What needs to be done
Output every entry exactly, without any pictures.

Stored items
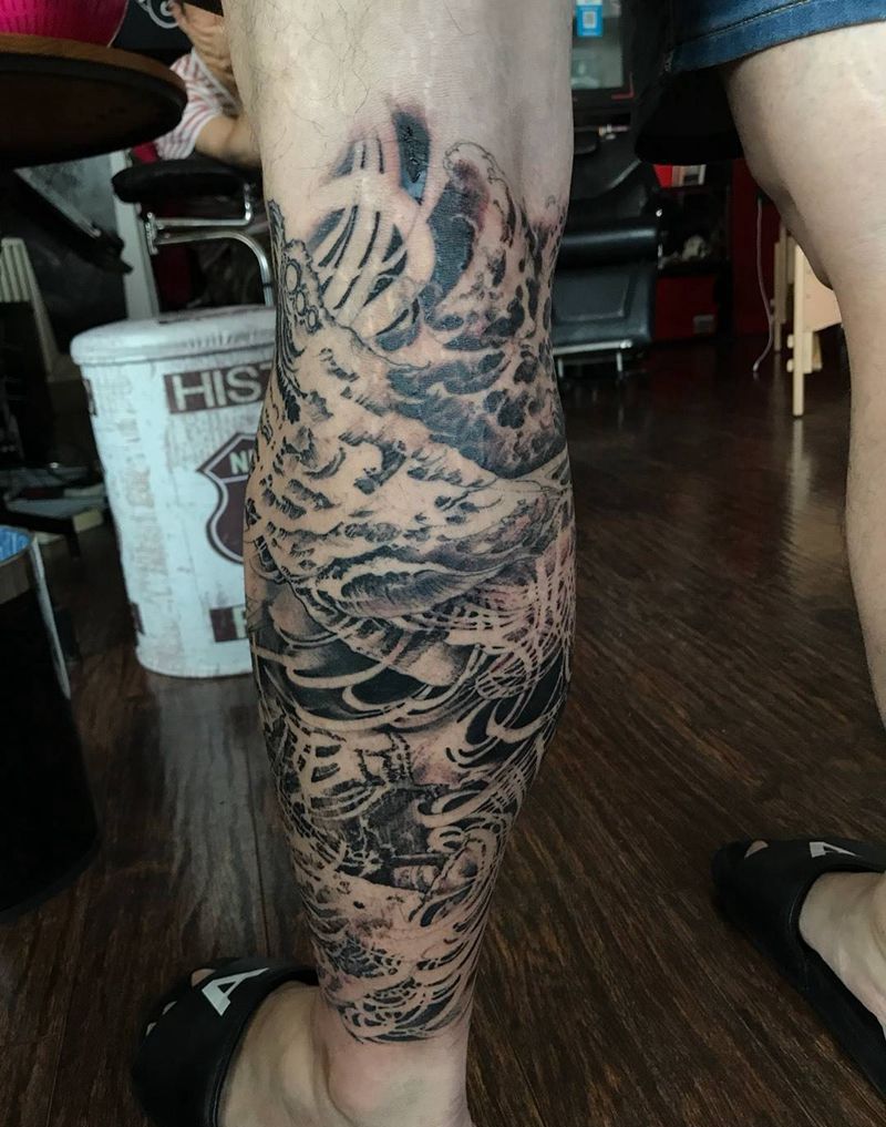 • T网红王老大花腿龙纹身图片_腿部新传统纹身图案
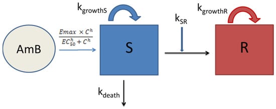 Schematic illustration of the final PK/PD model. The total fungal population consists of two different subpopulations (S + R), with a first-rate order constant (kSR) that describes the transfer of fungal cells from a susceptible state (S) to a resistant one (R). Amphotericin B (AMB) exerts its effect on the susceptible subpopulation. kgrowthS: growth-rate of susceptible subpopulation; kgrowthR: growth-rate of resistant subpopulation. kdeath: death-rate constant of the susceptible subpopulation.
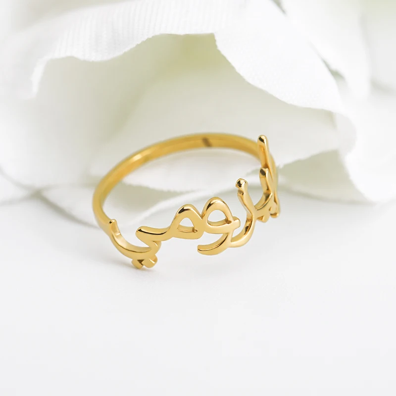 Персонализированное кольцо с арабским именем Bijoux из нержавеющей стали ислам обычай имя кольцо арабское ювелирное изделие аксессуары именные кольца для женщин и мужчин
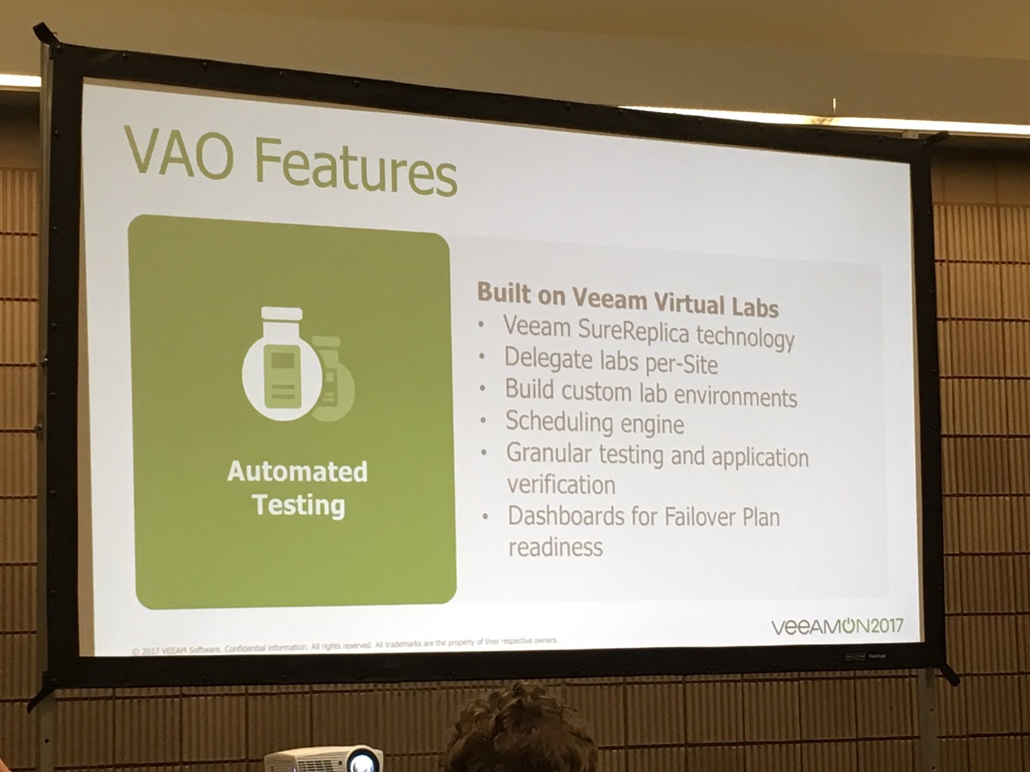 With the foundation set, we jumped right into VAO. So, what exactly does VAO do? To start, it is VMware-only at the moment and its goal is to handle all of the ‘stuff’ that goes with performing a DR / BC plan and automate as much as you can. For example, it can build out your documentation for you and hand-off a Word file that you can do with what you please. This is also useful for finding changes over time, whether or not they were planned or not. VAO will also handle automated tests - think about building out plans based on SureBackup where you can be sure that your DR will work as you planned.
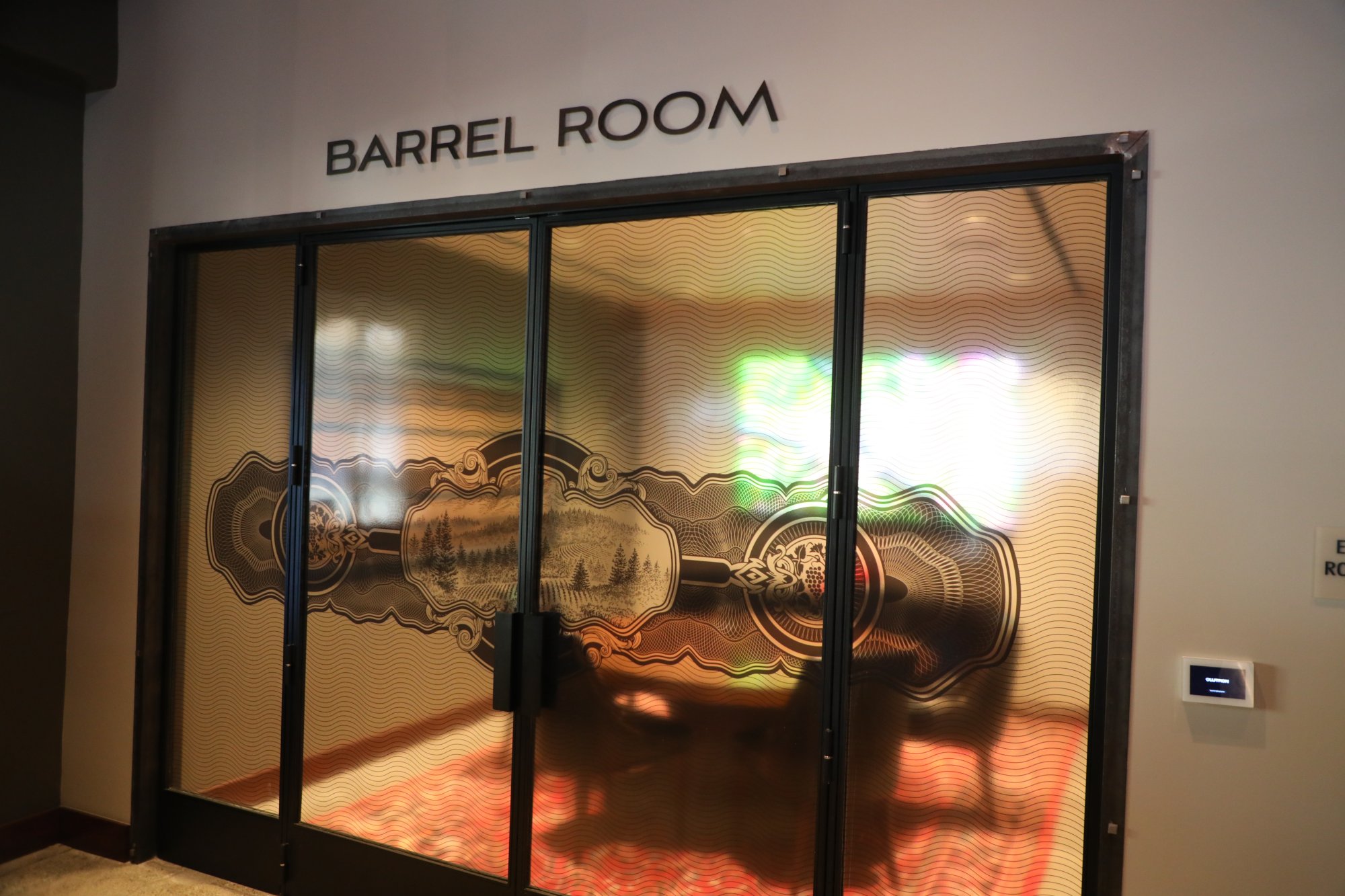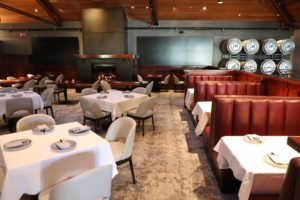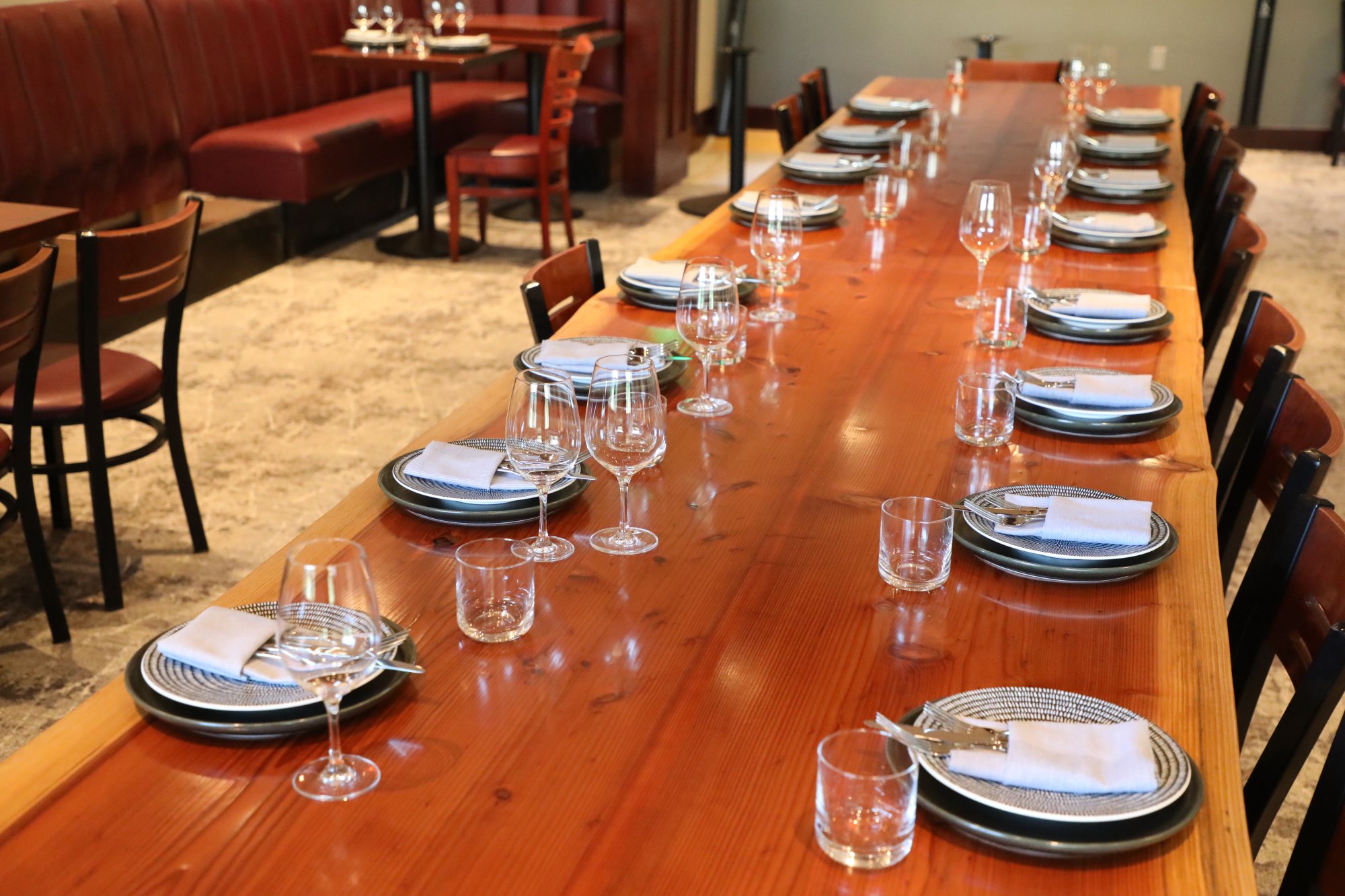 Betsy oversaw the renovation inside; advice from others was to remove much of the interior and paint the ceiling white and the beautiful mahogany, black. For reference it was calculated this space has more than 5,000 linear feet of mahogany. During the renovation, even more mahogany was added. One of her neighbors is a talented wood worker; he milled a large table for their private events room from a redwood that was killed during the Tubbs Fire. Several tables were created from old riddling racks previously used at Schramsberg Vineyard.
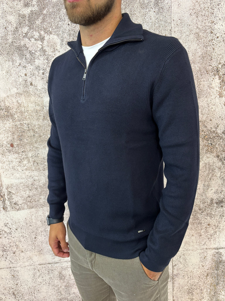 Maglione costine mezza zip di Gianni Lupo che unisce eleganza a sportività, adatto per diversi look: dalla vita di tutti i giorni al contesto lavorativo
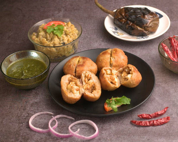 PREPARATION WITH FRESHLY GROUNDED CHANA SATTU AND FLAVOURED WITH MAGICAL SPICES. IT WILL GIVE YOU DEVINE TASTE AND FLAVOUR WITH PREPATION LIKE FRIED, BAKED AND STEAMED. SERVED WITH CHOKHA AND GREEN CHUTNEY
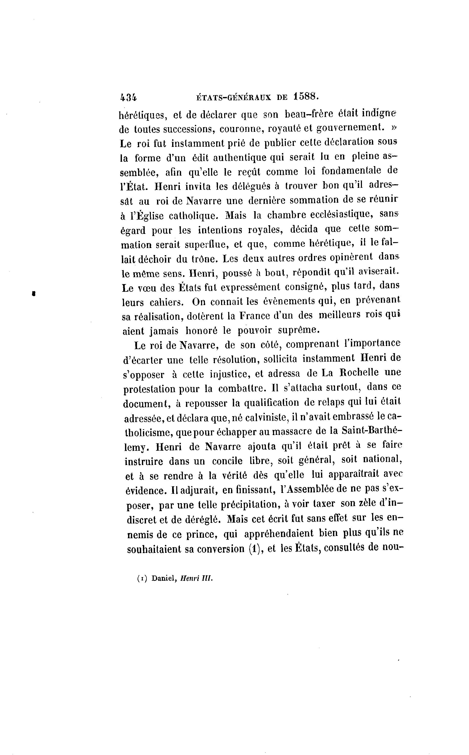 434 ÉTATS-GÉNÉRAUX DE 1 5 8 8 . hérétiques, et de déclarer que son beau-frère était indigne de toutes successions, couronne, royauté et gouvernement. » Le roi fut instamment prié de publier cette déclaration sous la forme d'un édit authentique qui serait lu en pleine as- semblée, afin qu'elle le reçût comme loi fondamentale de l'État. Henri invita les délégués à trouver bon qu'il adres- sât au roi de Navarre une dernière sommation de se réunir à l'Église catholique. Mais la chambre ecclésiastique, sans égard pour les intentions royales, décida que cette som- mation serait superflue, et que, comme hérétique, il le fal- lait déchoir du trône. Les deux autres ordres opinèrent dans* le même sens. Henri, poussé a bout, répondit qu'il aviserait. Le vœu des États fut expressément consigné, plus tard, dans leurs cahiers. On connait les événements qui, en prévenant sa réalisation, dotèrent la France d'un des meilleurs rois qui aient jamais honoré le pouvoir suprême. Le roi de Navarre, de son côté, comprenant l'importance d'écarter une telle résolution, sollicita instamment Henri de s'opposer à cette injustice, et adressa de La Rochelle une protestation pour la combattre. Il s'attacha surtout, dans ce document, à repousser la qualification de relaps qui lui était adressée, et déclara que, né calviniste, il n'avait embrassé le ca- tholicisme, que pour échapper au massacre de la Saint-Barthé- lémy. Henri de Navarre ajouta qu'il était prêt à se faire instruire dans un concile libre, soit général, soit national, et à se rendre à la vérité dès qu'elle lui apparaîtrait avec évidence. Il adjurait, en finissant, l'Assemblée de ne pas s'ex- poser, par une telle précipitation, à voir taxer son zèle d'in- discret et de déréglé. Mais cet écrit fut sans effet sur les en- nemis de ce prince, qui appréhendaient bien plus qu'ils ne souhaitaient sa conversion (1), et les États, consultés de nou- (i) Daniel, Henri III.
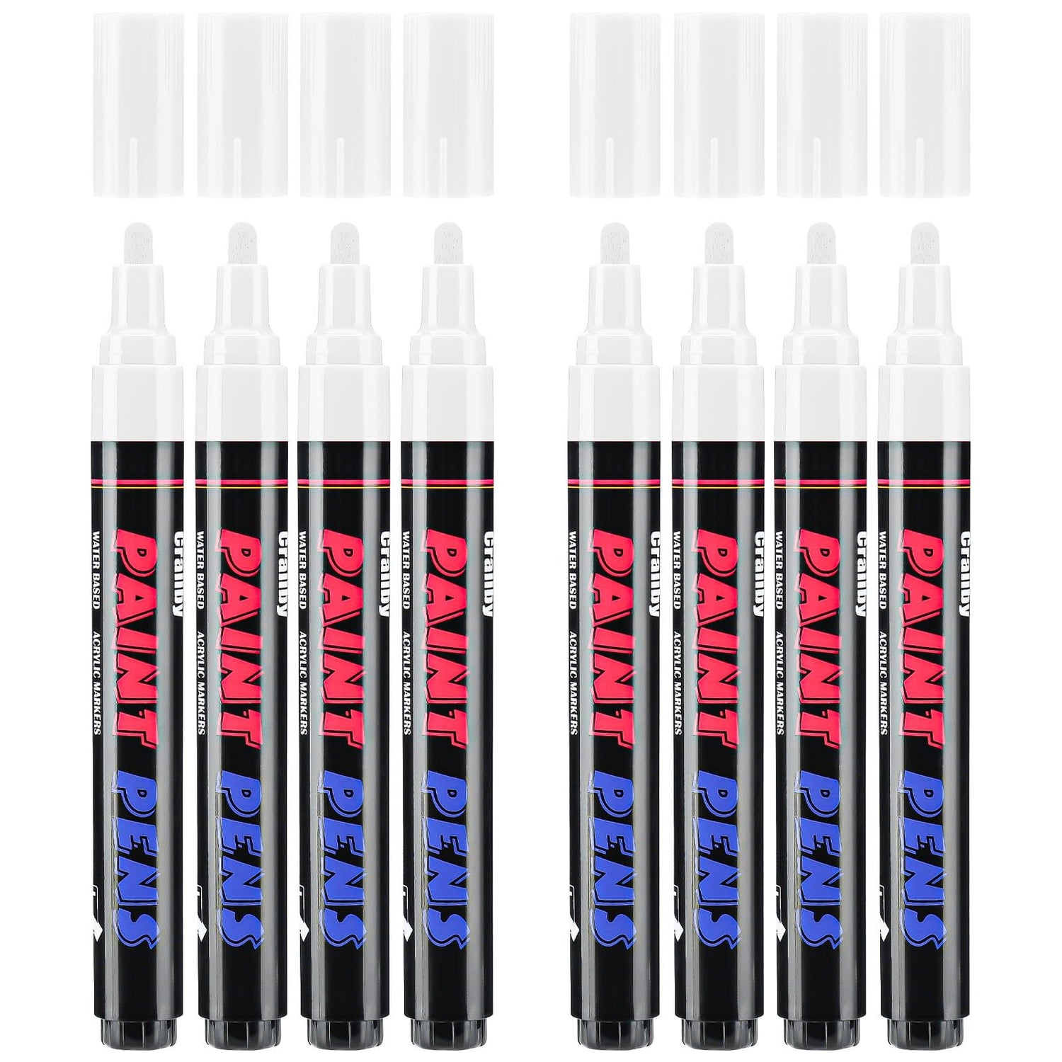 Craiiby White Paint Pens Paint Markers - 8 Pack Permanent Acrylic Quick Dry Waterproof Marker Pens for Rocks Wood Fabric Plastic Canvas Glass Mugs Metal Tire Stone
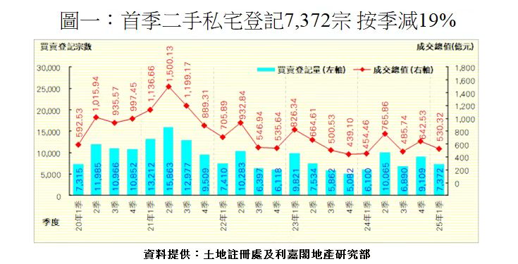 智通财经APP获悉,根据土地注册处最新数据,2025年第一季香港共录7,372宗二手私宅买卖登记,较去年第四季的9,109宗下跌19%,连续5季处于反覆波动的状态。成交总值方面,受累楼价偏软,第一季按季相应回落17%,录530.32亿港元,为连续5季表现波动。今年首季每宗平均售价719.37万港元,按季微升1.98%,但仍属2016年第四季以来的34季第3低。利嘉阁地产研究部主管陈海潮表示,放宽100港元印花税至楼价400万港元住宅,加上之前积聚的购买力趁楼价低水而持续释放,二手市场登记量预计在次季向好,有机会创下四个季度高位。
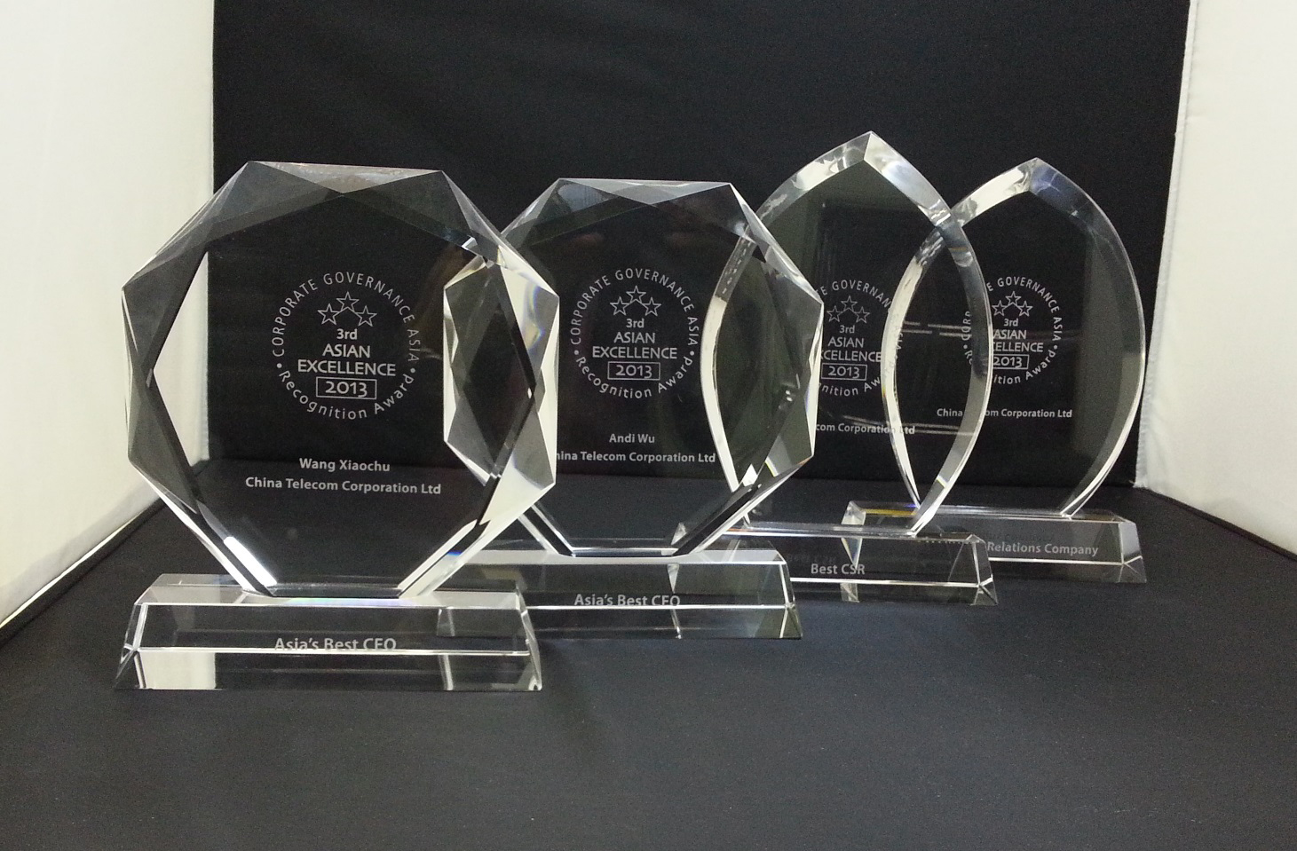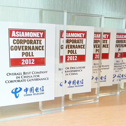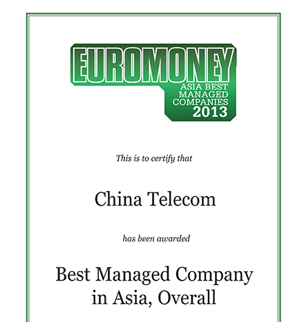 中国电信股份有限公司在亚洲权威财经杂志《亚洲货币》(Asiamoney) 举办的2012年「企业管治评选」中,获投资者评选为「中国全方位最佳企业管治公司第一名」。

Written solution
 • T网红王老大花腿龙纹身图片_腿部新传统纹身图案
 Schematic illustration of the final PK/PD model. The total fungal population consists of two different subpopulations (S + R), with a first-rate order constant (kSR) that describes the transfer of fungal cells from a susceptible state (S) to a resistant one (R). Amphotericin B (AMB) exerts its effect on the susceptible subpopulation. kgrowthS: growth-rate of susceptible subpopulation; kgrowthR: growth-rate of resistant subpopulation. kdeath: death-rate constant of the susceptible subpopulation.
 Персонализированное кольцо с арабским именем Bijoux из нержавеющей стали ислам обычай имя кольцо арабское ювелирное изделие аксессуары именные кольца для женщин и мужчин
 With the foundation set, we jumped right into VAO. So, what exactly does VAO do? To start, it is VMware-only at the moment and its goal is to handle all of the ‘stuff’ that goes with performing a DR / BC plan and automate as much as you can. For example, it can build out your documentation for you and hand-off a Word file that you can do with what you please. This is also useful for finding changes over time, whether or not they were planned or not. VAO will also handle automated tests - think about building out plans based on SureBackup where you can be sure that your DR will work as you planned.
 Betsy oversaw the renovation inside; advice from others was to remove much of the interior and paint the ceiling white and the beautiful mahogany, black. For reference it was calculated this space has more than 5,000 linear feet of mahogany. During the renovation, even more mahogany was added. One of her neighbors is a talented wood worker; he milled a large table for their private events room from a redwood that was killed during the Tubbs Fire. Several tables were created from old riddling racks previously used at Schramsberg Vineyard.
 Maglione costine mezza zip di Gianni Lupo che unisce eleganza a sportività, adatto per diversi look: dalla vita di tutti i giorni al contesto lavorativo
 PREPARATION WITH FRESHLY GROUNDED CHANA SATTU AND FLAVOURED WITH MAGICAL SPICES. IT WILL GIVE YOU DEVINE TASTE AND FLAVOUR WITH PREPATION LIKE FRIED, BAKED AND STEAMED. SERVED WITH CHOKHA AND GREEN CHUTNEY
 434 ÉTATS-GÉNÉRAUX DE 1 5 8 8 . hérétiques, et de déclarer que son beau-frère était indigne de toutes successions, couronne, royauté et gouvernement. » Le roi fut instamment prié de publier cette déclaration sous la forme d'un édit authentique qui serait lu en pleine as- semblée, afin qu'elle le reçût comme loi fondamentale de l'État. Henri invita les délégués à trouver bon qu'il adres- sât au roi de Navarre une dernière sommation de se réunir à l'Église catholique. Mais la chambre ecclésiastique, sans égard pour les intentions royales, décida que cette som- mation serait superflue, et que, comme hérétique, il le fal- lait déchoir du trône. Les deux autres ordres opinèrent dans* le même sens. Henri, poussé a bout, répondit qu'il aviserait. Le vœu des États fut expressément consigné, plus tard, dans leurs cahiers. On connait les événements qui, en prévenant sa réalisation, dotèrent la France d'un des meilleurs rois qui aient jamais honoré le pouvoir suprême. Le roi de Navarre, de son côté, comprenant l'importance d'écarter une telle résolution, sollicita instamment Henri de s'opposer à cette injustice, et adressa de La Rochelle une protestation pour la combattre. Il s'attacha surtout, dans ce document, à repousser la qualification de relaps qui lui était adressée, et déclara que, né calviniste, il n'avait embrassé le ca- tholicisme, que pour échapper au massacre de la Saint-Barthé- lémy. Henri de Navarre ajouta qu'il était prêt à se faire instruire dans un concile libre, soit général, soit national, et à se rendre à la vérité dès qu'elle lui apparaîtrait avec évidence. Il adjurait, en finissant, l'Assemblée de ne pas s'ex- poser, par une telle précipitation, à voir taxer son zèle d'in- discret et de déréglé. Mais cet écrit fut sans effet sur les en- nemis de ce prince, qui appréhendaient bien plus qu'ils ne souhaitaient sa conversion (1), et les États, consultés de nou- (i) Daniel, Henri III.
 Craiiby White Paint Pens Paint Markers - 8 Pack Permanent Acrylic Quick Dry Waterproof Marker Pens for Rocks Wood Fabric Plastic Canvas Glass Mugs Metal Tire Stone
 智通财经APP获悉,根据土地注册处最新数据,2025年第一季香港共录7,372宗二手私宅买卖登记,较去年第四季的9,109宗下跌19%,连续5季处于反覆波动的状态。成交总值方面,受累楼价偏软,第一季按季相应回落17%,录530.32亿港元,为连续5季表现波动。今年首季每宗平均售价719.37万港元,按季微升1.98%,但仍属2016年第四季以来的34季第3低。利嘉阁地产研究部主管陈海潮表示,放宽100港元印花税至楼价400万港元住宅,加上之前积聚的购买力趁楼价低水而持续释放,二手市场登记量预计在次季向好,有机会创下四个季度高位。
 中国电信股份有限公司在亚洲权威财经杂志《亚洲货币》(Asiamoney) 举办的2012年「企业管治评选」中,获投资者评选为「中国全方位最佳企业管治公司第一名」。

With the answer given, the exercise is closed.